Réalité et prospective
Un des paradoxes de la vie actuelle observés par les sociologues est que généralement la durée du travail se réduit tandis que le temps passé sur le chemin du travail s’accroît. Telle est la réalité quotidienne vécue par ces innombrables contemporains qui « font la navette ». Dans l’avenir, si on en croit Louis Armand, les perspectives en matière de transport se grefferont sur le développement des télécommunications. M. Dupont ne devra plus se rendre à son bureau quotidiennement : de chez lui, il communiquera directement avec ses collaborateurs qui, comme lui peut-être, demeureront chez eux.

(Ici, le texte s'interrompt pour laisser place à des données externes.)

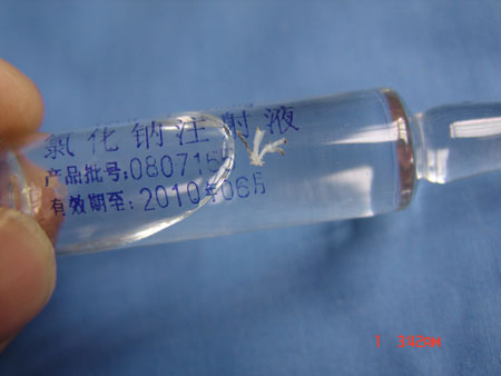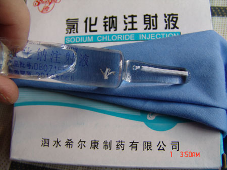 平頂山市新華區(qū)人民醫(yī)院秦大夫向記者介紹說,2008年11月5日,他正在給患者進(jìn)行特殊治療時,發(fā)現(xiàn)注射用的0.9%氯化鈉注射液內(nèi)有較大異物且肉眼可見,形狀約像一只蚊子(如圖),該藥品批號為0807165,生產(chǎn)廠家是山東省泗水希爾康制藥有限公司。

M. Van Stappen, sans quitter Anvers, grâce au visiophone tiendra une conférence de travail avec ses associés de Kinshasa, New-York et Tokyo. Dans le même sens, dans un rapport publié par la Rand Corporation, Herbert Goldhammer étudie l’impact de la nouvelle technologie de la communication sur la société dans les quinze années à venir. Selon lui, Mrs Smith ne devra plus se déplacer pour faire ses courses : de sa cuisine, équipée d’un terminal d’ordinateur, elle passera sa commande au supermarché. Quant à Smith junior, il n’encombrera plus les transports en commun, matin et soir, pour se rendre à l’école : il recevra à domicile les cours télé-informatisés, grâce à la télévision et à la banque des connaissances scolaires et universitaires. Ainsi se mêlent les réalités du quotidien et les perspectives d’un futur qui a déjà commencé.
On n’en est pas encore là
En attendant, le IIIe Plan s’inquiète notamment d’améliorer la communicabilité et la mobilité des personnes entre Anvers et Gand et le long du sillon Mons - Liège. Cette dernière amélioration devrait faire sauter les cloisonnements des marchés régionaux du travail jalonnant le sillon wallon. « Concrètement, notait, à ce propos en 1970, le Centre d’étude du Développement régional de l’Université de Louvain, il faudrait : réduire la durée du trajet à une heure maximum entre les points terminaux du sillon ; augmenter la fréquence des départs le long du sillon ; assurer le matin et le soir, la convergence intérieure et extérieure des communications avec le sillon ». Les deux premiers objectifs nécessitent une infrastructure nouvelle. Le Bureau du Plan en parle et propose la création d’« un nouveau moyen de transport ultrarapide ». Il ne précise pas autrement ce que devrait être ce moyen, mais, comme l’autoroute de Wallonie existe déjà en puissance, comme les transports aériens sur de si courtes distances sont exclus, on pense, en se souvenant du plan décennal de la SNCB, à une ligne à grande vitesse (250-300 km/h) reliant Bruxelles à Lille et à un prolongement vers l’Allemagne passant au nord de Liège. Ce réseau « TGV » pourrait comprendre des échangeurs de trafic, assurant le raccord avec les autres lignes et permettant ainsi d’accélérer certaines relations « intervilles » belges. Le réseau « TGV » trouverait d’autre part sa place dans le « plan directeur européen d’infrastructure » (assez analogue au plan des autoroutes E), dont l’UlC vient d’entamer l’étude.